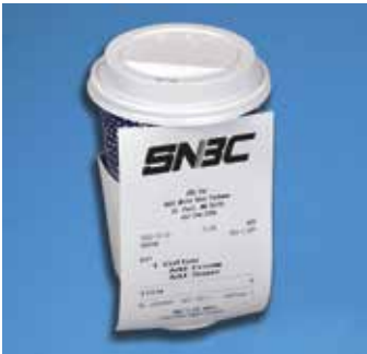
Compatible with MAXStick Adhesive Thermal Linerless Sticky Receipt Paper
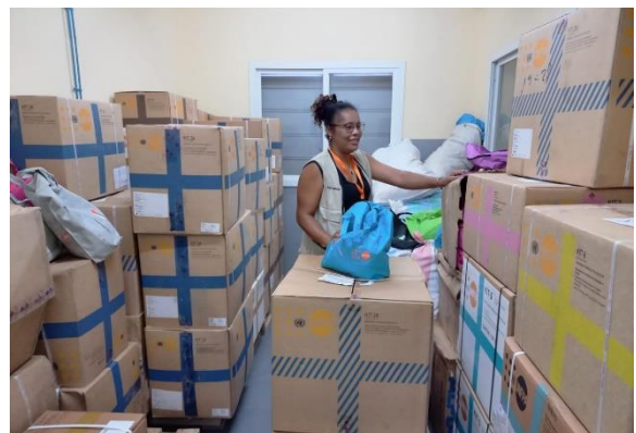
Figure 2: SRH Kits delivered at the warehouse of the Mananjary Regional Directorate for Public Health,
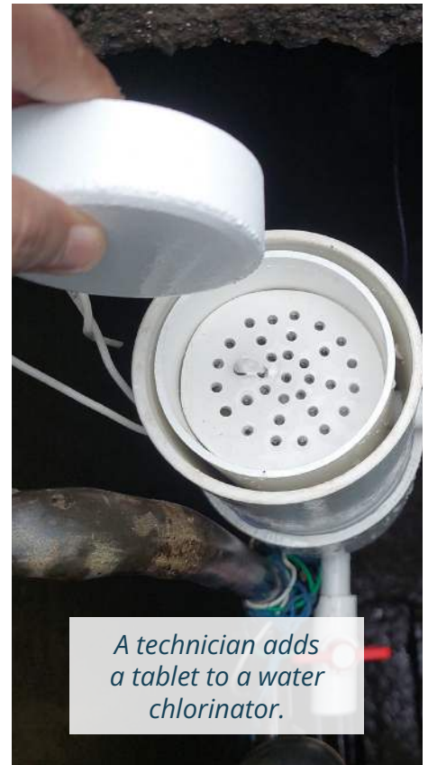
A technician adds a tablet to a water chlorinator.

Because of Self-Help, the people of El Jícaro now feel that they have the tools and knowledge to manage their own safe drinking water.
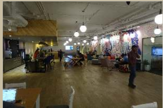
CoWrks Station: Promoting Innovation

is much required for a successful evolution of small, medium and large enterprises of the future. The objectives are:
══════════
The task -
Exact copy, pictures excluded: print only the lines from the line containing "Figure 2: SRH" through the end of the records.

Worked solution -
Figure 2: SRH Kits delivered at the warehouse of the Mananjary Regional Directorate for Public Health,
A technician adds a tablet to a water chlorinator.

Because of Self-Help, the people of El Jícaro now feel that they have the tools and knowledge to manage their own safe drinking water.
CoWrks Station: Promoting Innovation

is much required for a successful evolution of small, medium and large enterprises of the future. The objectives are:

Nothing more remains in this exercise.